» Data provided
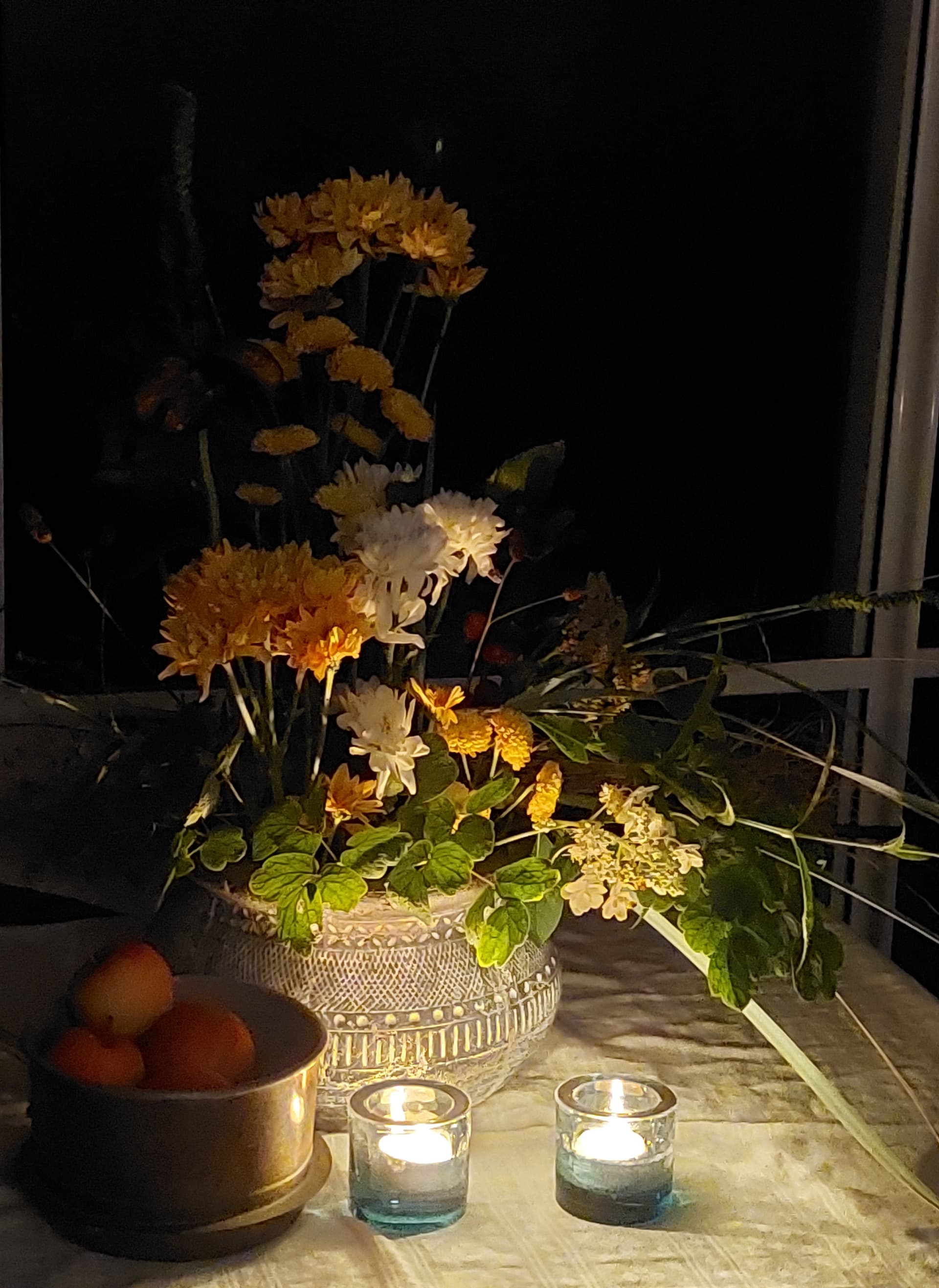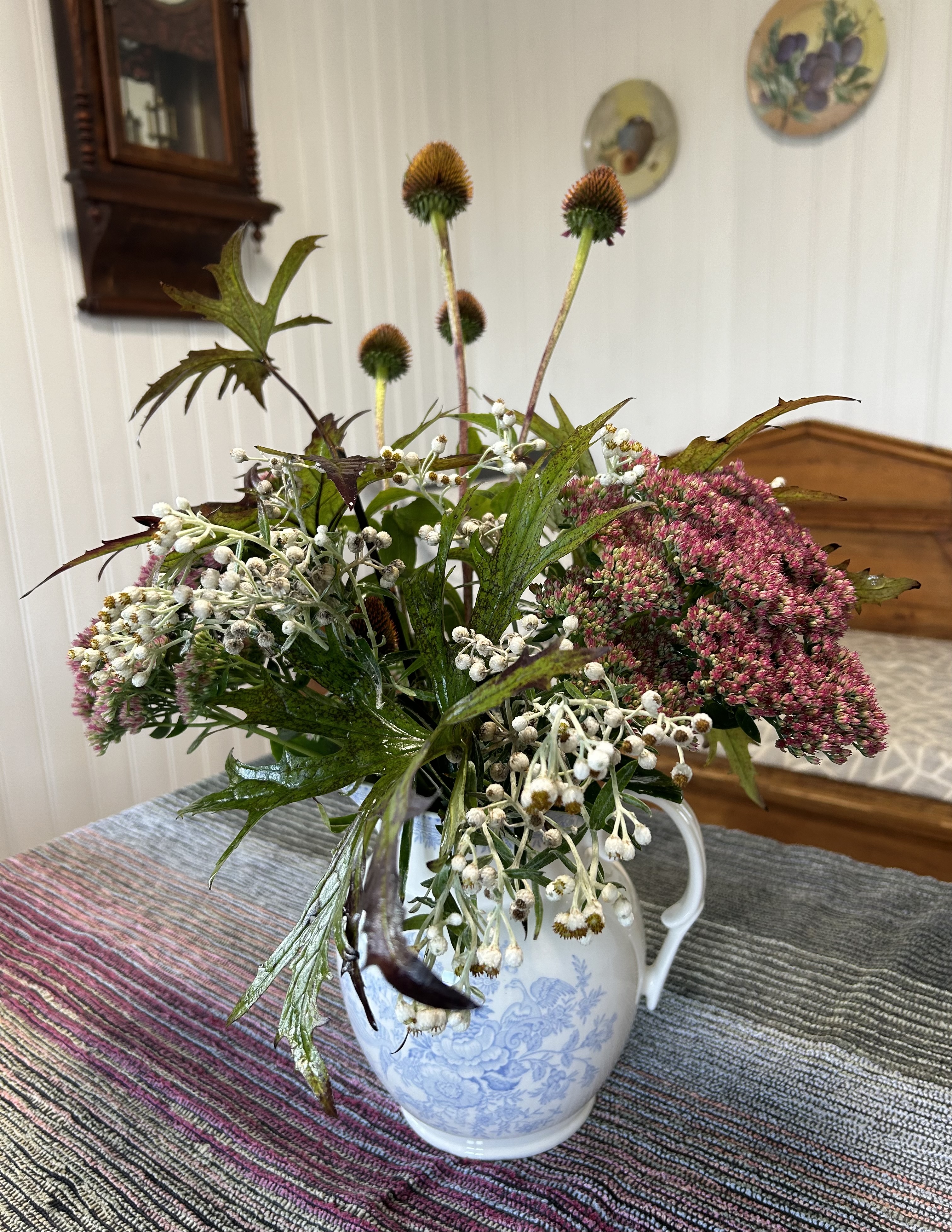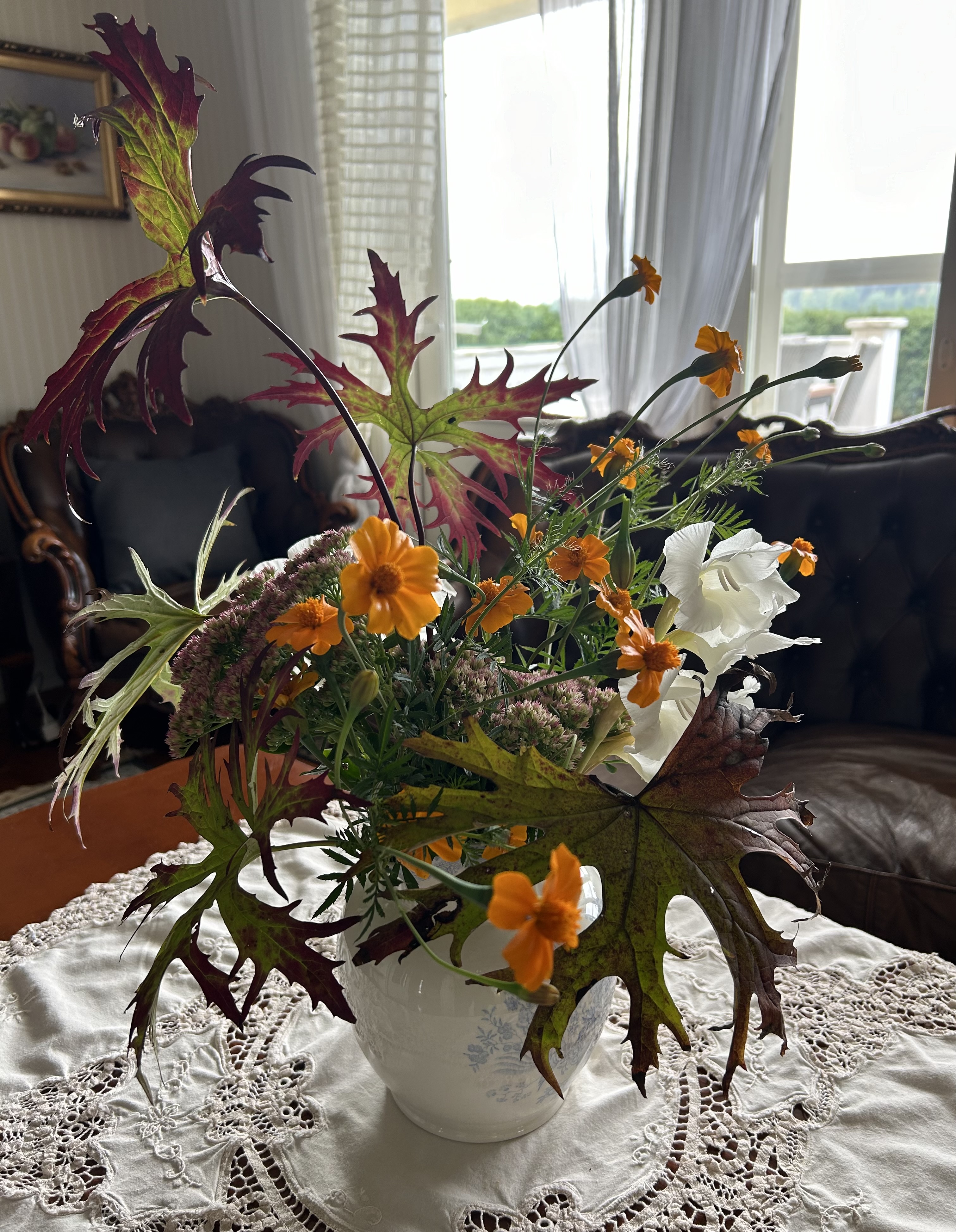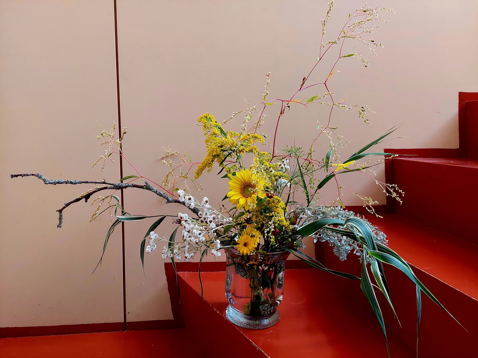 Nyt olin tosi taiteellinen. Tässä on maksaruohoa, viimeiset gladiolukset, sammareita ja valtikkanauhuksen lehtiä.
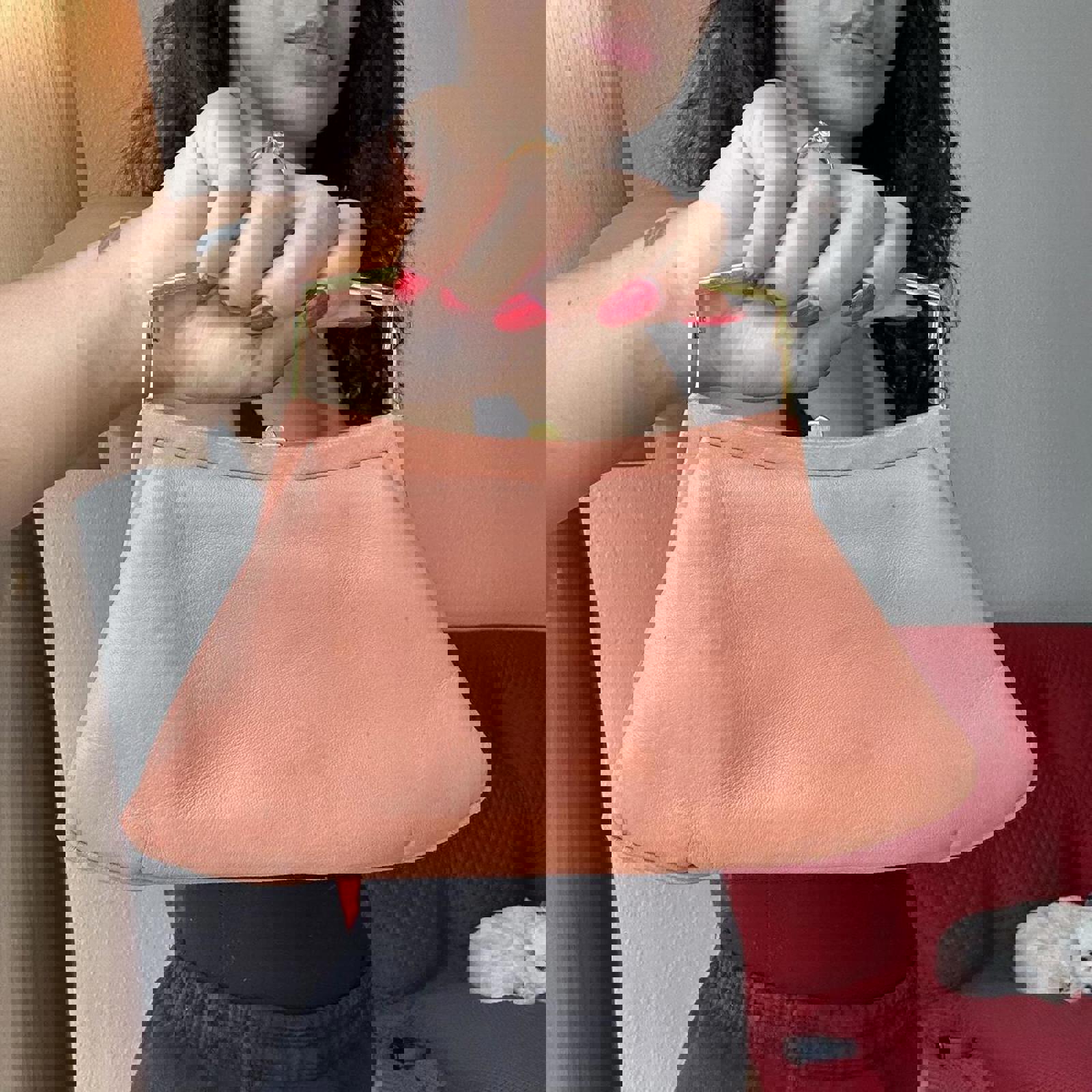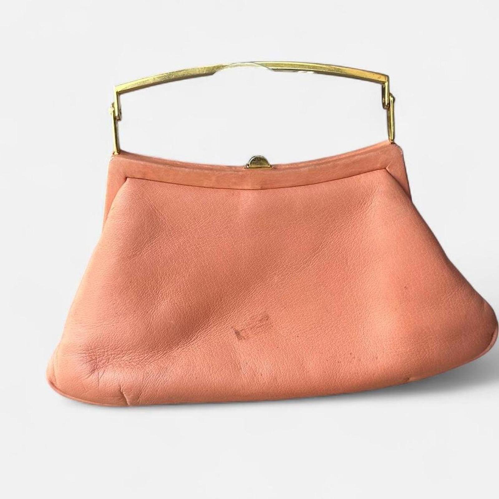 peach handbag, vintage clutch, gold hardware, small stain, compact purse, soft satin, retro style, evening bag, classic accessory, understated elegance
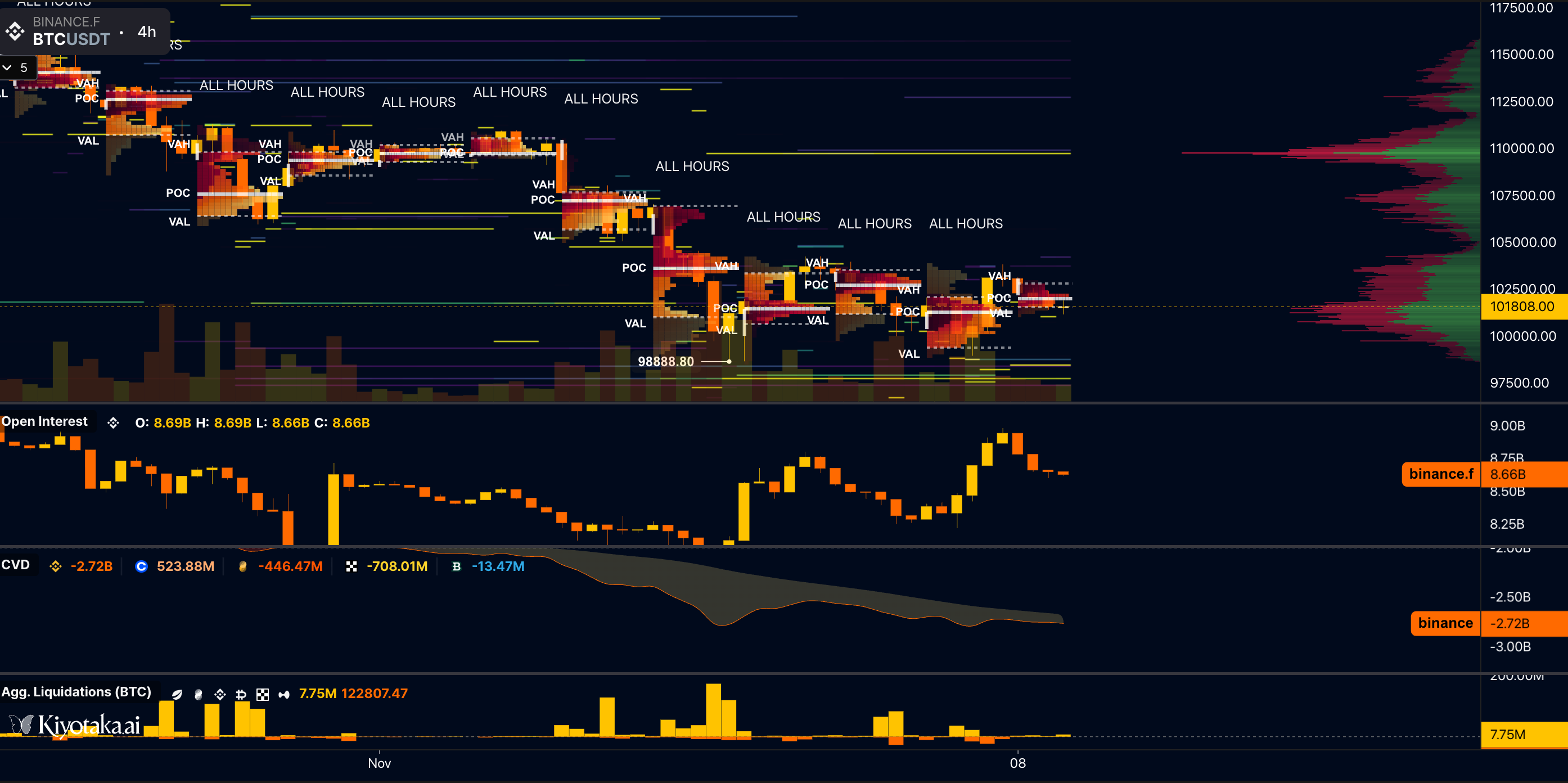 - Locally, we're seeing open interest coming in at the low, but mostly from shorts building up, which may give us an edge towards a short squeeze; however, price must break above 104K to squeeze shorts. We're also seeing not much more of a push up in terms of Spot CVD, so we're not seeing large participants step into new long positions just yet.
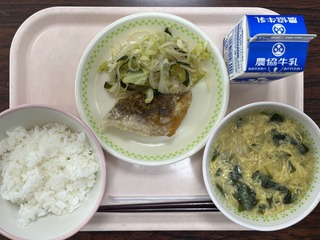 今日の給食のメニューは、「ごはん、白身魚の薬味ソース、つるつるサラダ、中華コーンスープ、牛乳」でした。白身魚は、薬味ソースとの相性がよく、ごはんにもよく合いました。つるつるサラダ、中華コーンスープも食べやすくておいしかったです。
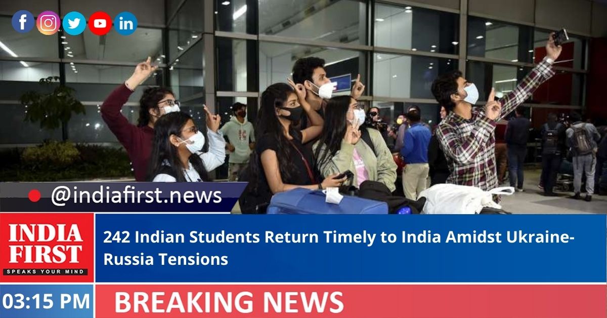 Amid the escalating Russia-Ukraine tensions, 242 Indian students returned safely to India at New Delhi’s Indira Gandhi International airport late yesterday evening and reunited with their parents after India started evacuation operations of Indian citizens living in Ukraine and its adjoining areas.
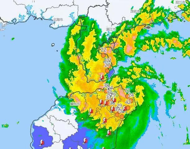 受热带低压影响,我市演丰镇近1小时降水量已达53.5mm,预计未来6小时城区、演丰镇、灵山镇、三江镇、大致坡镇、云龙镇、三门坡镇仍将降水40-60毫米,建议有关单位和人员做好预防工作。

» Aim of the task
The listing is to be repeated word for word, with all pictures omitted.

» Answer section
 Nyt olin tosi taiteellinen. Tässä on maksaruohoa, viimeiset gladiolukset, sammareita ja valtikkanauhuksen lehtiä.
 peach handbag, vintage clutch, gold hardware, small stain, compact purse, soft satin, retro style, evening bag, classic accessory, understated elegance
 - Locally, we're seeing open interest coming in at the low, but mostly from shorts building up, which may give us an edge towards a short squeeze; however, price must break above 104K to squeeze shorts. We're also seeing not much more of a push up in terms of Spot CVD, so we're not seeing large participants step into new long positions just yet.
 今日の給食のメニューは、「ごはん、白身魚の薬味ソース、つるつるサラダ、中華コーンスープ、牛乳」でした。白身魚は、薬味ソースとの相性がよく、ごはんにもよく合いました。つるつるサラダ、中華コーンスープも食べやすくておいしかったです。
 Amid the escalating Russia-Ukraine tensions, 242 Indian students returned safely to India at New Delhi’s Indira Gandhi International airport late yesterday evening and reunited with their parents after India started evacuation operations of Indian citizens living in Ukraine and its adjoining areas.
 受热带低压影响,我市演丰镇近1小时降水量已达53.5mm,预计未来6小时城区、演丰镇、灵山镇、三江镇、大致坡镇、云龙镇、三门坡镇仍将降水40-60毫米,建议有关单位和人员做好预防工作。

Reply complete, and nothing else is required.